Question

Find \(D_{x} y\). $$ y=\operatorname{coth}^{-1}(\tanh x) $$

Short answer

\( D_{x} y = \operatorname{sech}(x) \).

Step-by-step solution

Understand the hyperbolic functions involved

The hyperbolic cotangent inverse function, \( \operatorname{coth}^{-1}(x) \), and the hyperbolic tangent function, \( \tanh(x) \), are the main functions involved here. We need to understand their basic properties for differentiation.

Identify the composition of functions

We have the function \( y = \operatorname{coth}^{-1} (u) \) where \( u = \tanh(x) \). Therefore, this is a composition of functions and will require the chain rule to differentiate.

Differentiate using the Chain Rule

To find \( \frac{dy}{dx} \), apply the chain rule. First, differentiate \( y \) with respect to \( u \): \( \frac{dy}{du} = -\frac{1}{u^2 - 1} \) since \( \operatorname{coth}^{-1}(u) = \frac{1}{2} \ln\left( \frac{u+1}{u-1} \right) \).

Differentiate \( u = \tanh(x) \)

Differentiate \( u = \tanh(x) \) with respect to \( x \) to get \( \frac{du}{dx} = \operatorname{sech}^2(x) \).

Apply the Chain Rule

Apply the chain rule \( \frac{dy}{dx} = \frac{dy}{du} \times \frac{du}{dx} = -\frac{1}{u^2 - 1} \times \operatorname{sech}^2(x) \). Substitute \( u = \tanh(x) \) into the equation.

Simplify

Since \( u = \tanh(x) \), we know \( u^2 = \tanh^2(x) \), and \( u^2 - 1 = \tanh^2(x) - 1 = -\operatorname{sech}^2(x) \). Now substitute everything back into \( \frac{dy}{dx} \). This gives \( \frac{dy}{dx} = \operatorname{sech}(x) \).

Key concepts

Hyperbolic Functions

Hyperbolic functions are analogs of trigonometric functions but are based on hyperbolas rather than circles. The hyperbolic tangent function, \( \tanh(x) \), and the hyperbolic cotangent inverse function, \( \operatorname{coth}^{-1}(x) \), are the two key players here. These functions help model phenomena in many fields, like engineering and physics.
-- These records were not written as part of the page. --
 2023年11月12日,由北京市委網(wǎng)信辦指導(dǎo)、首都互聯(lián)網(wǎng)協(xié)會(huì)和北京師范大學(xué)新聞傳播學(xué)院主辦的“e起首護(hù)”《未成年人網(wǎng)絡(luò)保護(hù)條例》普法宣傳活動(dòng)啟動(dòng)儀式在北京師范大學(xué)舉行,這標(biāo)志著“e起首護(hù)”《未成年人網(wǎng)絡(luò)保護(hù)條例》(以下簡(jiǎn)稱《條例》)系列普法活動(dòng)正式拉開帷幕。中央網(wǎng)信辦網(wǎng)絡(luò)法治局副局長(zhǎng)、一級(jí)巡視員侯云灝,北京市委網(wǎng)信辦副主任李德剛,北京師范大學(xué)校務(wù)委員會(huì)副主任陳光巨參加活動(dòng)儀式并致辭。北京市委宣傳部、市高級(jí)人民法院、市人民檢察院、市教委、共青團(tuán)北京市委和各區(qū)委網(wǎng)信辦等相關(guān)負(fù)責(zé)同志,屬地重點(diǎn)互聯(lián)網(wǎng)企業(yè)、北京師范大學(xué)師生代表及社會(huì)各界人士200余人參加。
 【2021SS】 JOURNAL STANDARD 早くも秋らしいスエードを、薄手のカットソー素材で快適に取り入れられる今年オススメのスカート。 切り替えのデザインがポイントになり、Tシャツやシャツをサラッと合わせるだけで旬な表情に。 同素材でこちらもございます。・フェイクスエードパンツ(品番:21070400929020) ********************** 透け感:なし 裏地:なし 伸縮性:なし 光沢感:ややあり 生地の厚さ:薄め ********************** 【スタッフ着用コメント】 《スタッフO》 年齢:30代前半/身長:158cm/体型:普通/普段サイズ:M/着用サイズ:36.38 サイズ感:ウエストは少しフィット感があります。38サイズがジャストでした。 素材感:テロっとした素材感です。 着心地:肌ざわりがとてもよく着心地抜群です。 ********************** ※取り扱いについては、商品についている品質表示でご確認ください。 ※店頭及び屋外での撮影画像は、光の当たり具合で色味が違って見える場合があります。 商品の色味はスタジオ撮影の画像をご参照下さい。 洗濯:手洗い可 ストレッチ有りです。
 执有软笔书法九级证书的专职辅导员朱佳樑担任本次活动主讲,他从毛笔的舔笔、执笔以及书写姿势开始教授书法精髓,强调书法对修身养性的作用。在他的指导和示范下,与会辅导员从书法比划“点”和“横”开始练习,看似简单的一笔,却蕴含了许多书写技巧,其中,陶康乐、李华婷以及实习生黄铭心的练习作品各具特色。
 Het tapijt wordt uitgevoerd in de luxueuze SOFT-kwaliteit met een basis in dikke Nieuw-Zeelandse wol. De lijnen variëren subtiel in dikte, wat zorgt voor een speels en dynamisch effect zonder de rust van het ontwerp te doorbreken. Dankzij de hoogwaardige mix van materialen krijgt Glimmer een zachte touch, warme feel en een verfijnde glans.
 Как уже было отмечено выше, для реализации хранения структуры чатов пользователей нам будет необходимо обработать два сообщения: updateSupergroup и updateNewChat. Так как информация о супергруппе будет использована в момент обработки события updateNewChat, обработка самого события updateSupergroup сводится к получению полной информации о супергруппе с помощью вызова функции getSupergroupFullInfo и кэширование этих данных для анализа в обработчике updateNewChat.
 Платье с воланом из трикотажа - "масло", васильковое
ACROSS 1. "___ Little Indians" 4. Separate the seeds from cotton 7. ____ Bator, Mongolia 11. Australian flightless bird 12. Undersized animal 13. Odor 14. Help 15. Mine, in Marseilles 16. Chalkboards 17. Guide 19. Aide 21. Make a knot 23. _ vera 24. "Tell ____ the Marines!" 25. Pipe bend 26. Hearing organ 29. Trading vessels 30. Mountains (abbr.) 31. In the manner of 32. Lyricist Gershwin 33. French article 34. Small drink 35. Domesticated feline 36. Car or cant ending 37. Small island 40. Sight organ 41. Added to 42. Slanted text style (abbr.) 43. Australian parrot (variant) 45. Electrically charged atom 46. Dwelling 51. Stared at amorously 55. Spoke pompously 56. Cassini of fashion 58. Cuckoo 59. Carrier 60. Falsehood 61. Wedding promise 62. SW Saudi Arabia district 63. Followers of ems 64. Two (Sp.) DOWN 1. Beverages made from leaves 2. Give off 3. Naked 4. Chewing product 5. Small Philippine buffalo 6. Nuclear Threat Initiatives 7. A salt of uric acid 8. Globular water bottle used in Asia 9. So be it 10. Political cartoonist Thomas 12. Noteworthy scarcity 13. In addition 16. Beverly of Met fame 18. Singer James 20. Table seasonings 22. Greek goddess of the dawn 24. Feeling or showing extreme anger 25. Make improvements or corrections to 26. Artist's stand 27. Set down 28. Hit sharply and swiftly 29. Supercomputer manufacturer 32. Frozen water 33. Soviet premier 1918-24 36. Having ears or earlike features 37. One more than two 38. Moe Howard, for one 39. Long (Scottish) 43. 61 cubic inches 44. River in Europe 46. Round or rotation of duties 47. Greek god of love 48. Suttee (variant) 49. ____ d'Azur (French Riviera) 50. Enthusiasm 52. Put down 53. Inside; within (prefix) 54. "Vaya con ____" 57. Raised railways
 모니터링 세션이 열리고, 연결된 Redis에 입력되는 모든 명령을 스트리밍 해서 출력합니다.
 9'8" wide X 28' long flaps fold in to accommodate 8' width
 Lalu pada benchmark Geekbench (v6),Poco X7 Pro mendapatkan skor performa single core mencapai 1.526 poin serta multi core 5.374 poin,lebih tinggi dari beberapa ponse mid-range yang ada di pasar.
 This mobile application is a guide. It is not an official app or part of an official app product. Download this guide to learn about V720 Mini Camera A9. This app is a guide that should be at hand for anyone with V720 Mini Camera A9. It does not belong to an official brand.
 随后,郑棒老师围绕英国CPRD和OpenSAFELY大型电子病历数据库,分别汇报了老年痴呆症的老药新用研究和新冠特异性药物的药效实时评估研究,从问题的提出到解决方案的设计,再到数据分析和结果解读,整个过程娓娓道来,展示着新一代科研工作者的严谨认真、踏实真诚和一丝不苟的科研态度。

Just like their trigonometric counterparts, hyperbolic functions fulfill certain identities. For instance:

• The identity \( \tanh^2(x) + \operatorname{sech}^2(x) = 1 \).
• The derivative of \( \tanh(x) \) is \( \operatorname{sech}^2(x) \).

These properties are used to find derivatives involving hyperbolic functions.

The function \( y = \operatorname{coth}^{-1}(\tanh(x)) \) involves both the \( \tanh \) function and its inverse hyperbolic function, \( \operatorname{coth}^{-1} \), providing a slightly more intricate case for differentiation.

Chain Rule

The chain rule is an essential tool in calculus. It helps us differentiate composite functions—functions within functions.

Think of the chain rule as peeling an onion. You deal with each layer or function separately. In the problem above, you first encounter \( \operatorname{coth}^{-1}(u) \) where \( u = \tanh(x) \). This setup fits the precise scenario ideal for applying the rule.

When using the chain rule, follow these steps:

• Differentiate the outer function \( y = \operatorname{coth}^{-1}(u) \) with respect to \( u \) to get \( \frac{dy}{du} = -\frac{1}{u^2-1} \).
• Then, differentiate the inner function \( u = \tanh(x) \) with respect to \( x \), resulting in \( \frac{du}{dx} = \operatorname{sech}^2(x) \).

Finally, combine these derivatives using the chain rule: \[ \frac{dy}{dx} = \frac{dy}{du} \times \frac{du}{dx} \].
This method efficiently unravels the composite function for differentiation.

Differentiation Techniques

Differentiation is about finding how quickly a function changes. It’s crucial in understanding dynamic systems. Various techniques exist, and selecting the right one can simplify complex problems.

For the current problem, you leverage the chain rule, a central differentiation technique, to unravel the nested functions. However, understanding the specific derivatives of hyperbolic functions is equally important. Remember that:

• The derivative of \( \tanh(x) \) results in \( \operatorname{sech}^2(x) \).
• The expression \( \operatorname{coth}^{-1}(u) \) differentiates into a rational function \( \frac{-1}{u^2-1} \).

Emphasizing these derivatives, the chain rule simplifies \( \frac{dy}{dx} \) from an expression that looks complex to one that is reduced and simplified: \[ \frac{dy}{dx} = \operatorname{sech}(x) \].
Hence, using the appropriate techniques can make differentiation not only feasible but straightforward.